Les conservateurs avaient d'abord déterminé en 2006 que le remplacement de ces véhicules était une priorité, mais deux programmes d'achat ont échoué. L'un d'entre eux a été annulé en 2012, juste au moment où les soumissionnaires allaient déposer leurs offres.

L'assemblage des véhicules sera fait au Québec et Mme Finley a dit que les contrats - octroyés à Mack Defense LLC, d'Allentown en Pennsylvanie - entraîneront la création de 590 emplois au Canada et permettront d'en conserver 110 autres.

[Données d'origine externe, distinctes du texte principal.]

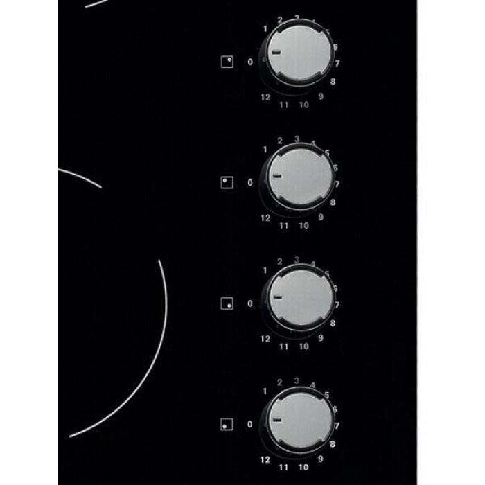 тип панели: электрическая, количество конфорок: 4, материал панели: стеклокерамика, установка: независимая, переключатели: поворотные, ширина: 59 см, глубина: 52 см, специальные конфорки: Hi Light, керамическая, безопасность: защитное отключение конфорок, индикатор остаточного тепла

Les contrats exigent aussi de la firme américaine qu'elle offre cinq ans de soutien en service assortis d'une période supplémentaire pouvant aller jusqu'à 15 ans.

Des documents internes montrent que la décision d'interrompre le programme résultait directement de coupes budgétaires à la Défense nationale.

L'ancien sous-ministre Rob Fonberg, dans une note au ton exceptionnellement tranché, prévenait le gouvernement il y a trois ans que reporter le remplacement des camions militaires ferait grimper les coûts du programme.

«L'impact potentiel des délais prévus est que pour chaque année de délais, il est estimé que (portion caviardée) moins de véhicules pourront être acquis», indique une note datée du 27 novembre 2012, obtenue par La Presse Canadienne en vertu de la Loi sur l'accès à l'information.

La note prévient que le report ajouterait jusqu'à 48 millions au coût du programme de 800 millions.

Le montant de 834 millions, annoncé jeudi, semble montrer que l'évaluation de M. Fonberg n'était pas loin du compte.

Un débat interne féroce a suivi l'annulation du projet en 2012, selon d'autres notes internes obtenues par La Presse Canadienne.

Le message a été livré aux autorités militaires - à l'armée en particulier - qu'elles devaient réduire leurs attentes. Deux scénarios étaient développés, le gouvernement étant prêt à financer un maximum de 1500 camions.

«Il y a eu et il y aura encore certains compromis nécessaires, étant donné que nous ne pouvons pas nous permettre toutes les ressources dont nous croyons avoir besoin», indique une note au commandant de l'armée, datée du 3 mars 2014.

Le sort financier du programme des camions militaires était étroitement lié à l'échec d'une offre de 2 milliards pour acheter des véhicules blindés de combat rapproché pour l'armée.

Les propositions faisaient partie d'un vaste approvisionnement militaire qui devait se concrétiser après la guerre en Afghanistan.

Bien que l'approvisionnement en camions militaires ait survécu, le programme pour acheter des véhicules de combat rapproché a été annulé en décembre 2013.

«Les réalités fiscales du gouvernement du Canada et l'attention portée à la réduction de la dette, combinées aux tâches les plus probables des Forces armées canadiennes dans l'environnement de sécurité futur ont été les principaux facteurs considérés dans cette recommandation», avait écrit par lettre le plus haut commandant militaire du pays, le général Tom Lawson, au ministre de la Défense d'alors, Rob Nicholson.